Task requirements: All lines in the records below from the line with "Nowoczesna komoda –" through the line with "강창규 ㈜ 대원이엔씨" are to be given again exactly, both ends included; the pictures are to be left out.

Data section:

—————

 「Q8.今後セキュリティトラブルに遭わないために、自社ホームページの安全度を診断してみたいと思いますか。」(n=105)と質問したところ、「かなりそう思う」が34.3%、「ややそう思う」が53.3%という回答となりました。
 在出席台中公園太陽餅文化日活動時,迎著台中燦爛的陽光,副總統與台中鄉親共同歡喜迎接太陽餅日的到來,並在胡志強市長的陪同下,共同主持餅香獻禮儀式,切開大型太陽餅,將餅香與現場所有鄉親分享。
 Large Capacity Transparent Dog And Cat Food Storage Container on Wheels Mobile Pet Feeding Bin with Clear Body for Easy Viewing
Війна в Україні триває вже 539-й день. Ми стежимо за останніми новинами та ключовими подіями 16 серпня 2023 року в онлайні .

—————

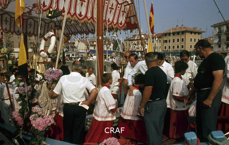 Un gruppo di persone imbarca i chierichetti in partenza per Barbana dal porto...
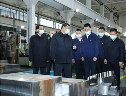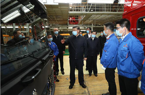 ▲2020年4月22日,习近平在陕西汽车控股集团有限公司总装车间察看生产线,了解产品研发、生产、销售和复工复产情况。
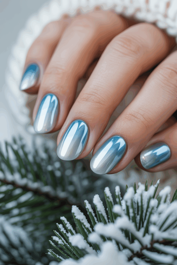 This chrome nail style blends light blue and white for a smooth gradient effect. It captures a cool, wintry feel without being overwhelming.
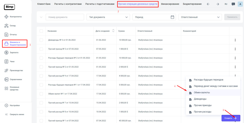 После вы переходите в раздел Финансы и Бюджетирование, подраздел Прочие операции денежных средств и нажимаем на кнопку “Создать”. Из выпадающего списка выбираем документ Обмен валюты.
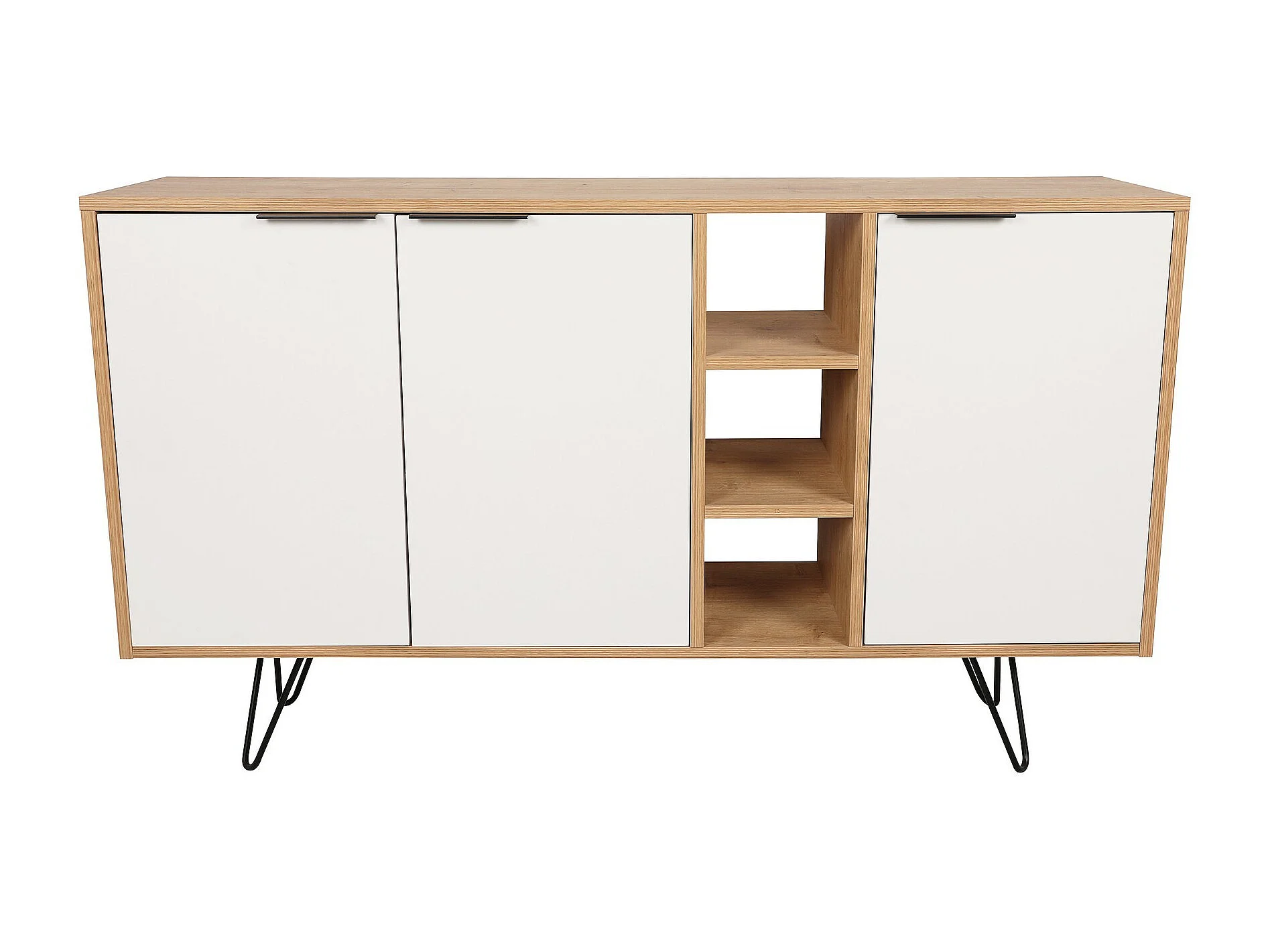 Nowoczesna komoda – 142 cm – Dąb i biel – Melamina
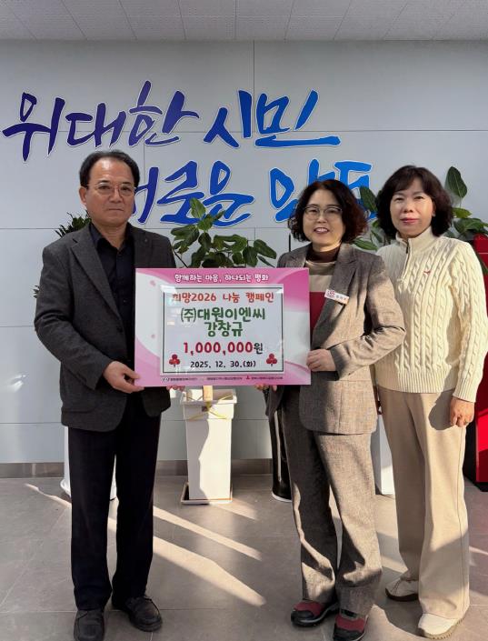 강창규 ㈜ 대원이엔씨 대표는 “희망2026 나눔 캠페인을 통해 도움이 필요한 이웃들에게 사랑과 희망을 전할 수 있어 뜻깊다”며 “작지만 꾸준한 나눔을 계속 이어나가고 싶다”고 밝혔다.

—————

Output below:
 Nowoczesna komoda – 142 cm – Dąb i biel – Melamina
 강창규 ㈜ 대원이엔씨 대표는 “희망2026 나눔 캠페인을 통해 도움이 필요한 이웃들에게 사랑과 희망을 전할 수 있어 뜻깊다”며 “작지만 꾸준한 나눔을 계속 이어나가고 싶다”고 밝혔다.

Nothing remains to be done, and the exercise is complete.